Part of my grumbling about data formats comes from Chinese language learning and and looking at these two (fortunately text! but raw, non-structured) datasets and asking what format would be best to link, modify and share them. Or lots of other datasets like these.
Like, I just want a standard dictionary showing translation *and decomposition information* for characters?
So would the best format be:
* raw line-delimited text with nonstandard field delimiters (what these two projects decided to use for some reason)
* Excel/OpenOffice spreadsheet
* Word/OpenOffice document
* stick it in a proprietary binary database
PROBABLY (sigh) JSON is the only real option
@h mmm, binary JSON
the 'nice' thing about JSON becoming The Universal Data Standard For Everything is that you can almost but not *quite* represent Lisp lists in it.
and you can almost but not *quite* represent sets in it
and you can almost but not *quite* represent arbitrary dictionaries in it (ie with non-text keys)
and it almost but not *quite* even has integers
and you really can't represent program code at all unless you like pain and suffering
@natecull @h Have you heard of Rivest's canonical s-expressions? Used in encryption software you use every day, whether you know it or not! Comes with a nice binary encoding! https://en.wikipedia.org/wiki/Canonical_S-expressions
@h @natecull https://www.gnupg.org/documentation/manuals/gcrypt/Cryptographic-Functions.html#Cryptographic-Functions shows some real-world structures.
However, almost nobody is using canonical s-exps outside of crypto software. I think they're a cool undernoticed technology though.
@cwebber @h My feeling is that s-exps are missing just one little thing that would make them even more useful, and that's a 'term' marker. Can easily be added of course just by reserving a symbol, but then you have to deal with that symbol being reserved.
You can get a whole lot done with sexps but for dealing with, eg, JSON-like intermixed lists and dictionaries, you kind of need some syntax to indicate that there's a difference between the two.
within a single format, you can make a lot of assumptions.
but when you mix-n-match, suddenly you either have to wrap every 'foreign' bit of data in a whole mess of careful abstractions or you just have ambiguity
Idea is similar to json-ld: your local "compacted" document has symbols that you know map to particular unique URI-bound properties. You have an environment locally that maps these. You can then "expand" (or transform to json-ld or back) for exchange between servers.

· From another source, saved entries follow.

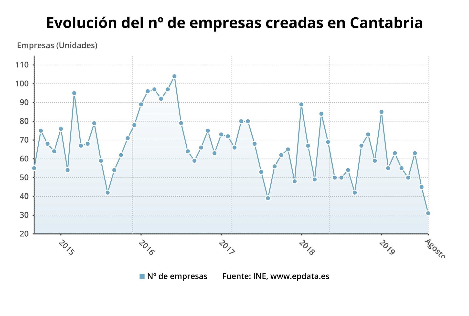 La creación de nuevas empresas cayó un -42,6% en agosto en Cantabria respecto al mismo mes del año anterior, con un total de 31 entidades, lo que supone el mayor retroceso de todas las comunidades autónomas, donde la bajada media fue del -8,6%.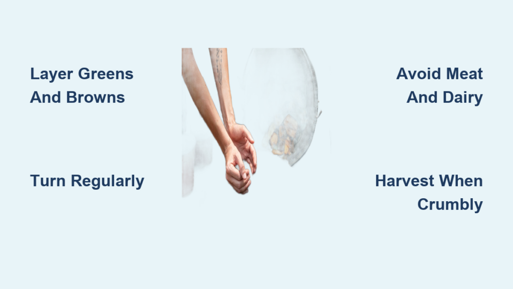 Start with a 4-inch base of twigs for drainage—this prevents soggy bottoms. Alternate 2-inch layers: browns (leaves), greens (scrapes), then browns again. Top with a 3-inch “browns blanket” to deter flies. Moisten each layer until damp as a wrung-out sponge—too wet causes rot, too dry stalls decomposition. Space-saving hack: On concrete patios, lay hardware cloth first, then add wood chips before your twig layer to aid drainage and earthworm access.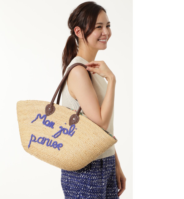 【送料無料】 刺繍したフレンチロゴ可愛らしいカゴバッグです。ハンドル部分には合成皮革を取り入れることで、持ちやすいデザインになっています。遊び心のあるバッグは、スタイリングのアクセントにもぴったりです。リゾートシーンにも最適です。 ヒューマンウーマン/HUMAN WOMAN バッグ|その他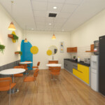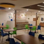 A modern, multi-level office space in Koramangala designed with minimal aesthetics and vibrant details — featuring collaborative work zones, a dynamic training center, and a warm, inviting cafeteria.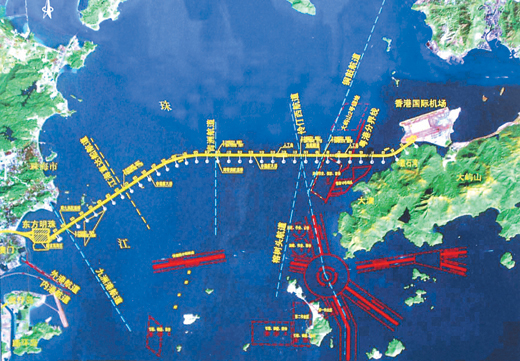 資料照片:粵港澳大橋專家推薦線位方案總體走向圖。李亞舟攝(人民圖片網供圖) |
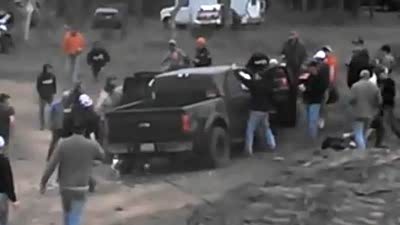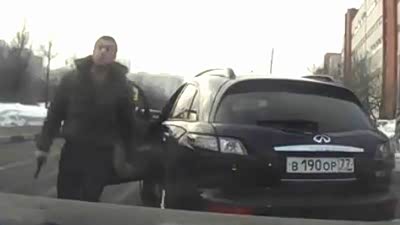 冲动!俄罗斯车友拔枪斗气不慎溜车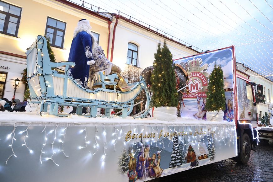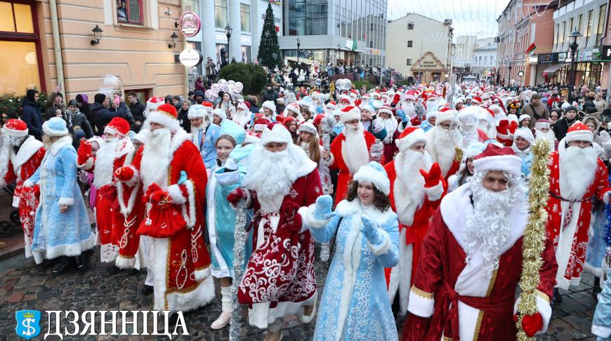 Шестьсот Дедов Морозов и Снегурочек, мобильное шоу барабанщиков, духовой оркестр в новогодних нарядах, "сказки на колесах" - большие авто с инсталляциями сюжетов новогодних волшебных историй. Так выглядели вечером центральные площади и связывающая их пешеходная улица Советская. Впереди этой поющей, играющей и танцующей колонны на сверкающем огнями автомобиле ехал главный Дед Мороз, приветственно взмахивая руками гродненцам. Ему вторили многочисленные Деды Морозы и Снегурочки, которые дарили улыбки зрителям, хлопали в ладоши с ликующими детьми, для которых это было настоящим прикосновением к чуду, и угощали малышей конфетами.
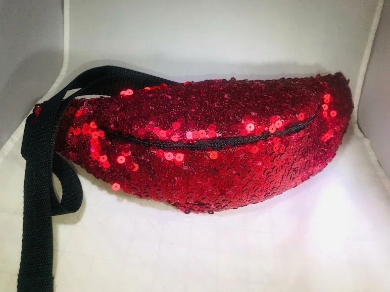 Red sequin color shift hip bag, with adjustable parachute belt buckle. Fully lined in black.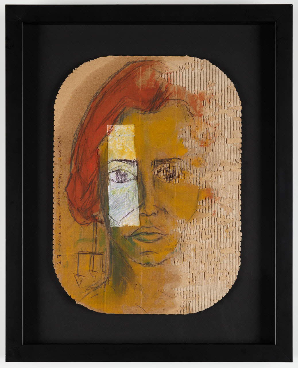 Dessin conçu à partir d' un morceau de carton de récupération et du collage d'un papier argenté, conservé d'une boîte de cigarettes, représentant un potrait de femme de face, aux cheveux colorés de rouge par l'utilisation de curcuma et de reste de coloration capillaire utilisée par une femme de la prison d'Amed.Décor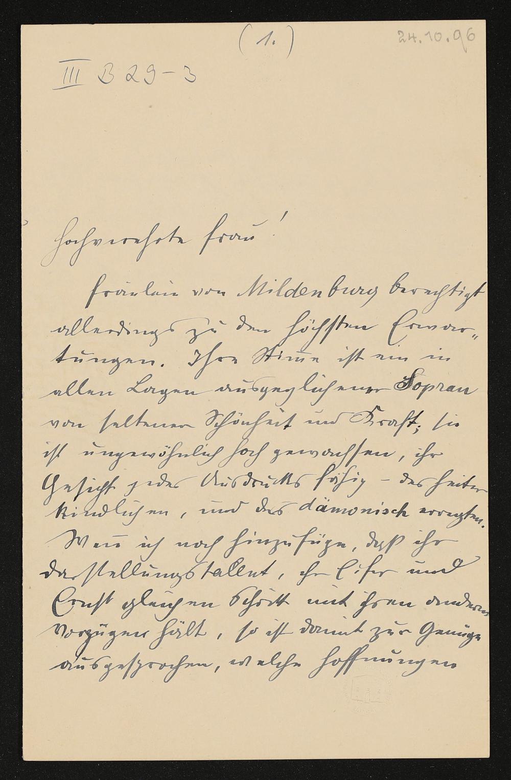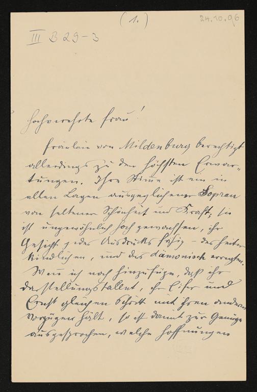 eigenhändiger Brief von Gustav Mahler an Cosima Wagner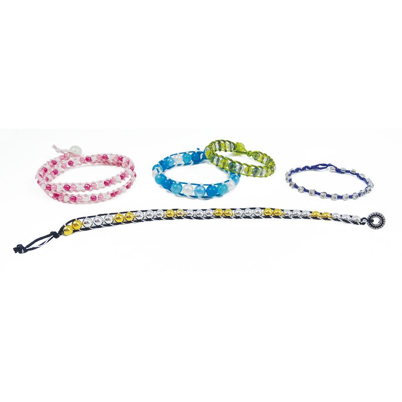 Komplektis: 1 erinevad helmed, kett (15 cm), 1 nõel, 1 pruun vahatatud niit (70 cm), 1 sinine vahatatud niit (70 cm), 1 roheline vahatatud niit (70 cm), 1 valge vahatatud niit (140 cm) , 1 valge puuvillane niit (120 cm), 1 roheline puuvillane niit (120 cm), 1 hõbedane puuvillane niit (120 cm), 1 lilla puuvillane niit (120 cm), 1 roosa puuvillane niit (240 cm), 1 juhendi leht värvi.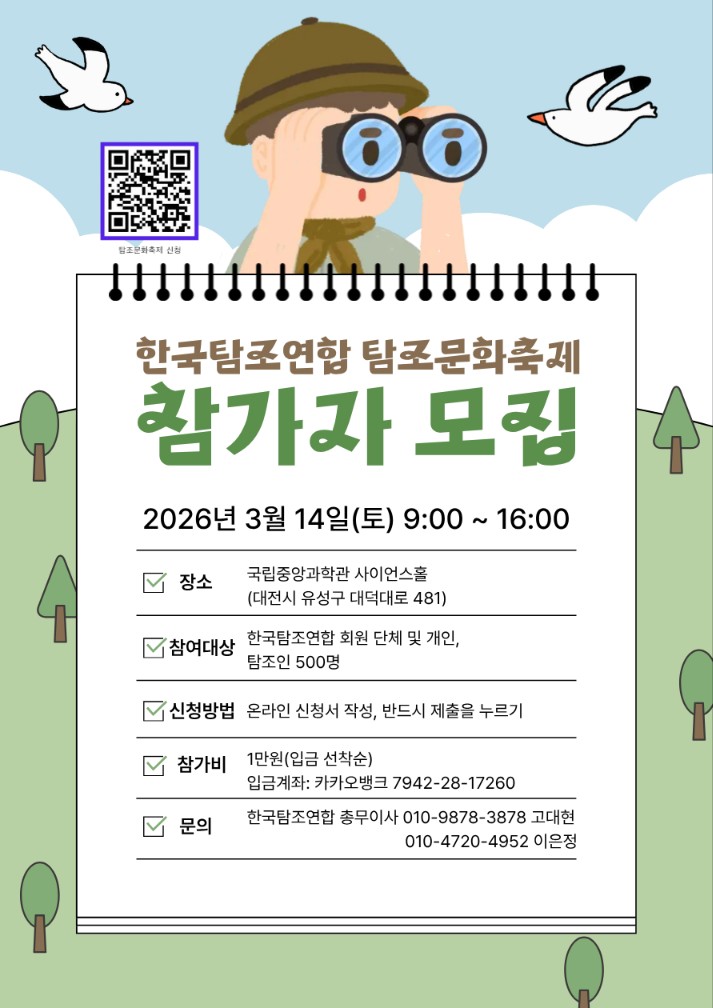 한국탐조연합은 다양하고 건강한 탐조문화를 만들어가기 위해 우리나라 곳곳에서 활동하고 있는 탐조단체와 탐조인들의 네트워크입니다. 2026년 3월 14일, 국립중앙과학관 사이언스홀에서 전국의 탐조인, 탐조단체들이 참여할 수 있는 '탐조축제'가 열립니다. 바람직한 탐조문화증진과 탐조인의 자발적 참여로 건실한 한국탐조연합 기틀 마련, 그리고 지역에서 보전과 현명한 이용이 공존할 수 있도록 여러분의 많은 참여를 바랍니다.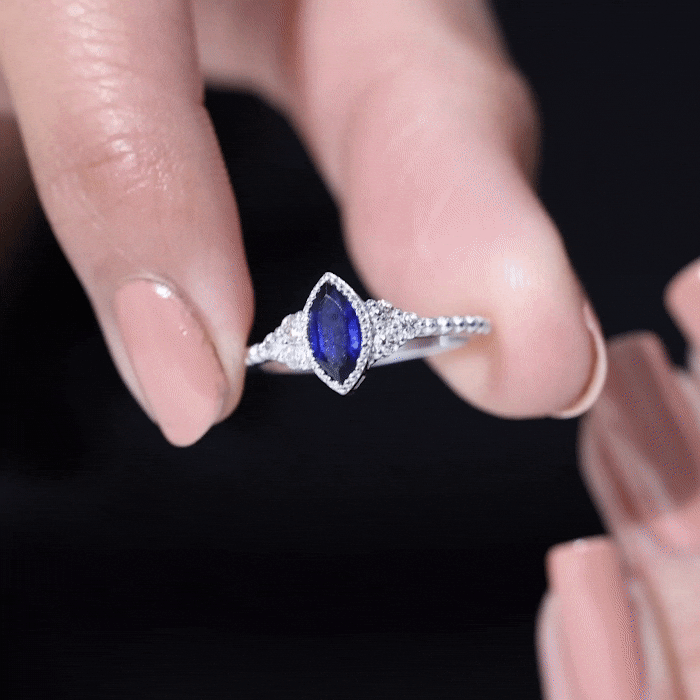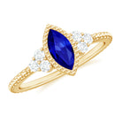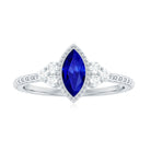 Vintage Style 0.7 Carat Lab Grown Blue Sapphire Marquise Engagement Ring with Diamond Trio

IMO your editor can help a lot too... rainbow-delimiters, smartparens (or paredit), parinfer and etc can help a lot! https://dustycloud.org/tmp/emacs_lisp_setup.png
@natecull @cwebber Then I'm more at home with a Wirth way of doing things, and Mac Pascal was a big thing on the Mac back then. I have the feeling that various currents and undercurrents flow in different directions, sometimes without direct relation to a specific platform. Although I do agree that technical devices *inform* ways of doing things, and they certainly influence *how* tools are used, they are not the tool themselves.